Although a moderate Republican, Binnie and his wife have made political contributions to a variety of political causes and candidates. During his time as Chairman of the Finance Committee for the New Hampshire Republican State Committee, Binnie contributed tens of thousands of dollars to the state party. However, the frequency of his donations to Democratic candidates in the past drew criticisms from conservative groups during his candidacy in the 2010 Republican primary for the U.S. Senate.

==Candidacy for United States Senate==
Binnie ran for the Republican nomination in the United States Senate election in New Hampshire, 2010. The primary was held on September 14, 2010. Binnie ran for the Republican nomination against Hollis businessman Jim Bender, former State Board of Education chair Ovide Lamontagne, and former state Attorney General Kelly Ayotte, who won the primary contest and went on to win the election.

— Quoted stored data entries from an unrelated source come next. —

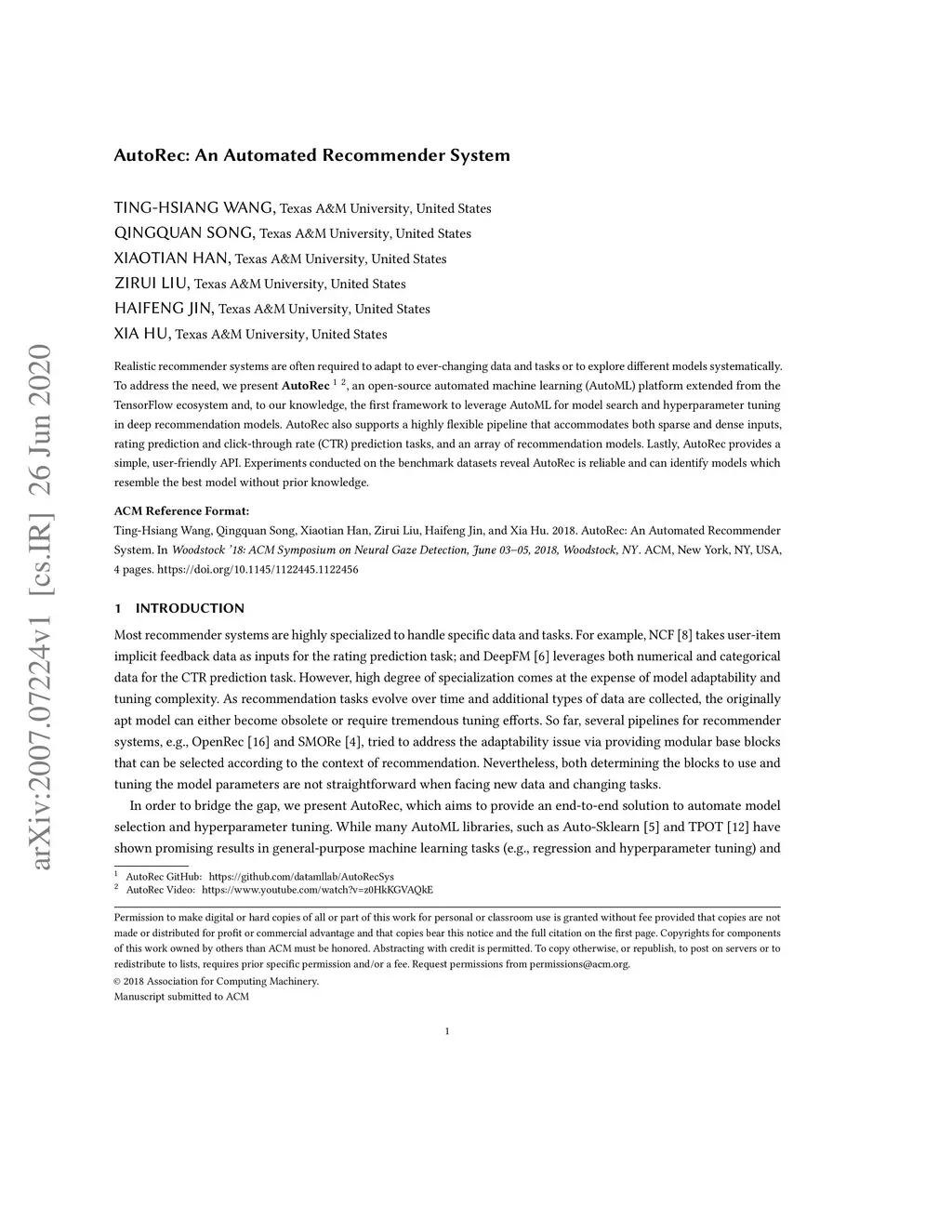 AutoRec: An Automated Recommender System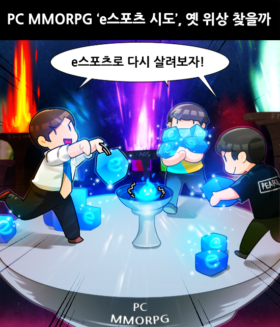 ÇÏÁö¸¸ PC MMORPG¸¦ ¼ºñ½º ÁßÀÎ °ÔÀÓ»ç´Â ¼ÕÀ» ³õÁö ¾Ê¾Ò´Ù. MMORPG¿¡¼ À¯Àú °£ ÀüÅõ´Â ij¸¯Å͸¦ Á¶Á¾ÇÏ´Â À¯Àú°¡ Á÷Á¢ º¼ ¶§¿Í ´Þ¸® Á¦»ïÀÚ°¡ º¸¸é ¸¶Ä¡ ´ëÀü ¾×¼Ç °ÔÀÓÀ» °üÀüÇÏ´Â µíÇÑ ´À³¦À» Áִµ¥, °ÔÀÓ»çµéÀº ¿©±â¿¡ Âø¾ÈÇØ e½ºÆ÷Ã÷ ¸®±×¸¦ È®´ë, ¹ßÀü½ÃÄ×´Ù.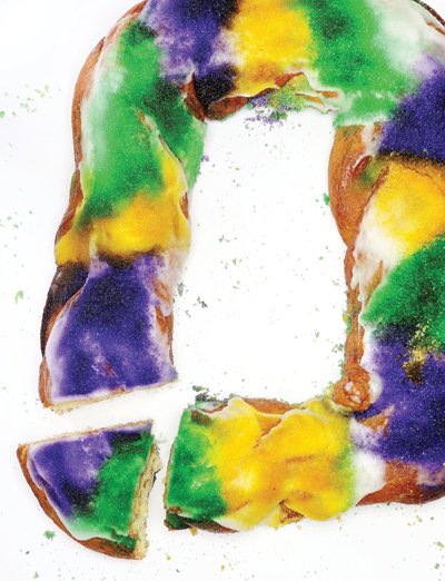 Today the “traditional” King Cake is made from twisted strands of cinnamon dough, covered by poured sugar and sprinkled with purple, green, and gold-colored sugar. The “Zulu King Cake” has chocolate icing with a coconut filling. A tiny plastic baby is hidden in the King Cake as a prize. While custom holds that the person who “finds” the baby will be rewarded with “good luck,” that person is also traditionally responsible for bringing the King Cake to the next party or gathering.

Binnie had announced his candidacy in November 2009, stating that his political beliefs were modeled after the former president Ronald Reagan's vision of a limited government that fostered economic growth. Individuals working on his campaign included Republican consultant Arthur J. Finkelstein, based in New York, former NHGOP executive director Paul Collins, and Sheri M. Keniston, formerly a congressional staffer for John E. Sununu.

During the campaign, Binnie faced criticism from multiple news organizations and opponents for closing A&E Plastics in Santa Ana, California, laying off 450 American workers and then transferring production seven miles away in Tijuana, Mexico.

During the 2010 Senate run Binnie claimed his pro-choice view on abortion attracted death threats from radical anti-abortion terrorists, both against Binnie himself and against his elderly father of the same name, but local police said they were not investigating any death threats, according to the Concord Monitor. Other acts against Binnie and his family included vandalism of his daughter's car, which she blamed on a police officer, and threatening and harassing phone calls and postal mail.

In December 2021, Binnie confirmed that he is "actively considering running for U.S. Senate" again.